# EXERCISE INSTRUCTIONS
Leave out the images; return the rest of the data exactly.

# DATASET EXCERPT
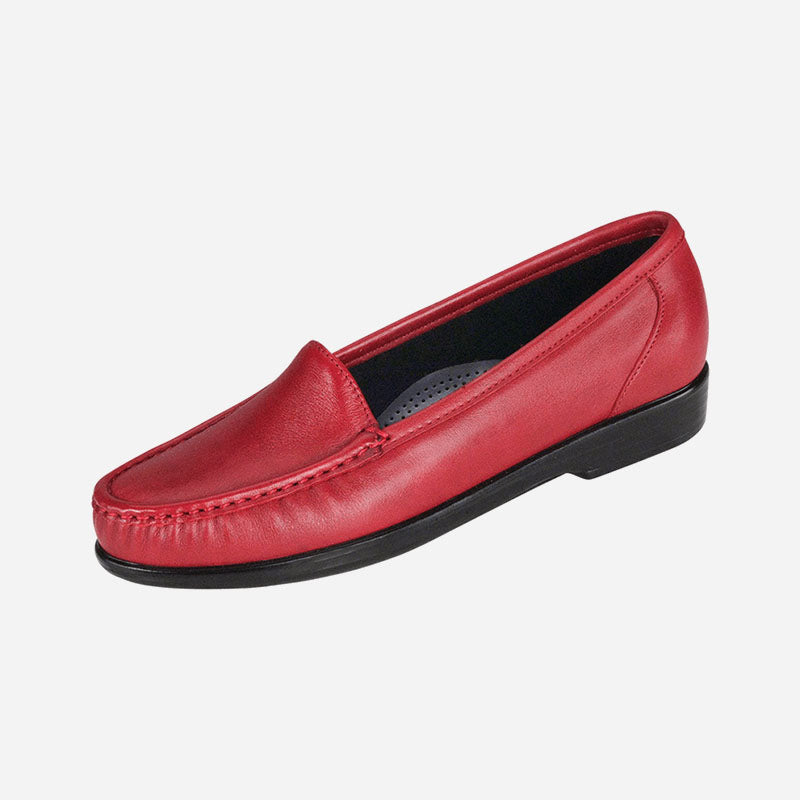 For those who like to keep it simple, here's a moccasin loafer with timeless style. Soft leather with padded lining wraps completely around the foot for a plush feel. A removable cushioned footbed and a lightweight shock-absorbing sole supports you with every step. Simplify features many beautiful smooth and textured leathers.
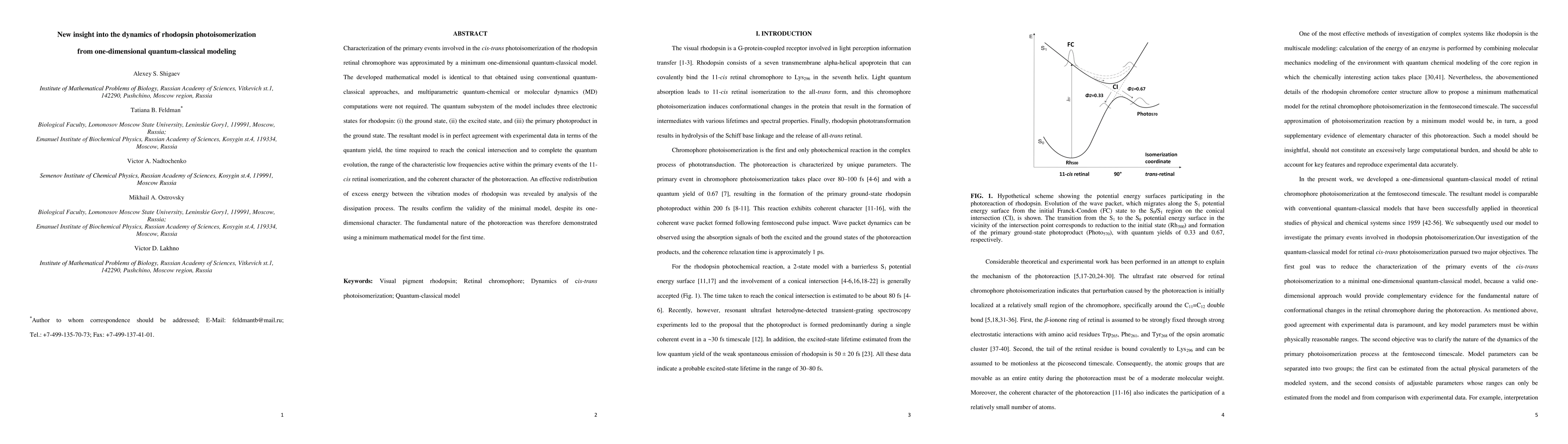 This paper presents a one-dimensional quantum-classical model that accurately describes the primary photoisomerization events of rhodopsin's retinal chromophore, confirming the model's validity through agreement with experimental data and revealing effective energy redistribution in the dissipation process. The minimal model demonstrates the fundamental nature of the photoreaction without requiring complex quantum-chemical or molecular dynamics computations.
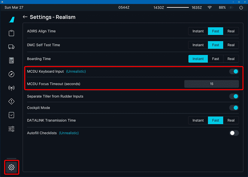 To begin using your keyboard with the MCDU, you must first enable the function within in the EFB settings:

# RESULT OF THIS EXERCISE
 For those who like to keep it simple, here's a moccasin loafer with timeless style. Soft leather with padded lining wraps completely around the foot for a plush feel. A removable cushioned footbed and a lightweight shock-absorbing sole supports you with every step. Simplify features many beautiful smooth and textured leathers.
 This paper presents a one-dimensional quantum-classical model that accurately describes the primary photoisomerization events of rhodopsin's retinal chromophore, confirming the model's validity through agreement with experimental data and revealing effective energy redistribution in the dissipation process. The minimal model demonstrates the fundamental nature of the photoreaction without requiring complex quantum-chemical or molecular dynamics computations.
 To begin using your keyboard with the MCDU, you must first enable the function within in the EFB settings:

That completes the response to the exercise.